So, bin den Weg vor nem Monat zum Teil abgefahren. Zum Teil heißt, dass ich immer wieder mal rechts und links davon abgewichen bin auf die Trails. Das war das schöne daran - irgendwie kommt man immer wieder auf den X-ing zurück. Ich würde den Weg mehr als roten Faden sehen - und mir noch ne gute Karte (die vom Landesvermessungsamt oder die Kompass-Karte) besorgen und mir davor ein paar Ideen/Gedanken machen. Und natürlich an die 2-m Regel denken...
Zur Übernachtung: wo wollt ihr beginnen und wieviel wollt ihr pro Tag fahren ? Wenn`s auch mal ne Hüttenübernachtung sein soll/darf, bietet sich das Wasserberghaus (oberhalb Schlat) an. Ich hab im Nägelehaus (bei Albstadt) gepennt . Sind beides SAV-Wanderheime und durchaus annehmbar, wie ich meine.

Ich fand die Trans-Alb mal richtig toll - werde ich nächstes Jahr sicher noch mal machen. Einfach traumhafte Eindrücke !

Aber warum haben die eigentlich die Pfeile nicht unterschiedlich markiert ? Manchmal weiß man gar nicht, zeigt das jetzt nach Aalen oder nach Tuttlingen ? Entweder so markieren wie den HW 1 (Spitze nach Tuttlingen) oder veschiedene Farben nehmen...hätt mr macha solla


----------



## wogru (24. Juni 2008)

altes-kind schrieb:


> Hallo wogru,
> 
> ich werde die Strecke im Juli komplett fahren, allerdings habe ich bis jetzt noch nichts von verschiedenen Routen (schwer, mittelschwer usw.) gehört bzw. gelesen. Woher hast Du die Info?
> 
> altes-kind



Auf www.schwaebischealb.de gibt es 2 Varianten als GPS-Daten zum runterladen, eigentlich sind sie identisch, die schwere Variante schafft mehr am Tag und ist schneller fertig.


----------



## jonk0815 (22. Juli 2008)

Hallo,

gibts nix neues zur Alp?
Noch keine neuen Erfahrungsberichte? Alle Schilder inzwischen angebracht? 

Grüsse


----------



## altes-kind (22. Juli 2008)

Hallo,

ich werde - sofern sich die Wettervorhersage nicht mehr ändern sollte - von Freitag bis Dienstag die komplette Route fahren - ohne GPS und nur mit dem Tourbook bewaffnet. ;-)
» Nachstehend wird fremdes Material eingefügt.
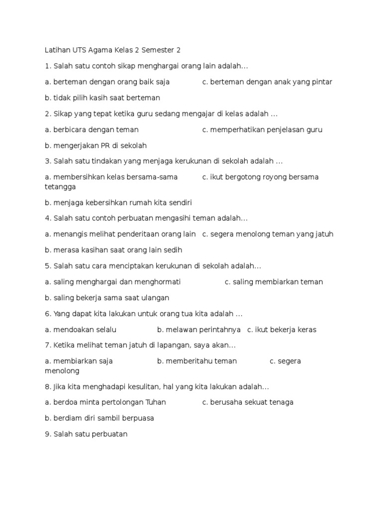 Latihan Uts Agama Kristen Kelas 2 Semester 2

Nächste Woche kann ich an dieser Stelle also einen Erfahrungsbericht (im wahrsten Sinne des Wortes) abgeben...


----------



## h3!kO (25. Juli 2008)

Meine Biker

die Schwäbische Alb x-Crossing Strecke ist eine beschilderte Streck mit noch zu wenige Schilder.

Die Schilder erkennt man an seiner gelben Tafelfarbe mit blauem Bike. Rechts unten steht X-ing und ein dicker blauer Pfeil, der die Richtung anzeigt. 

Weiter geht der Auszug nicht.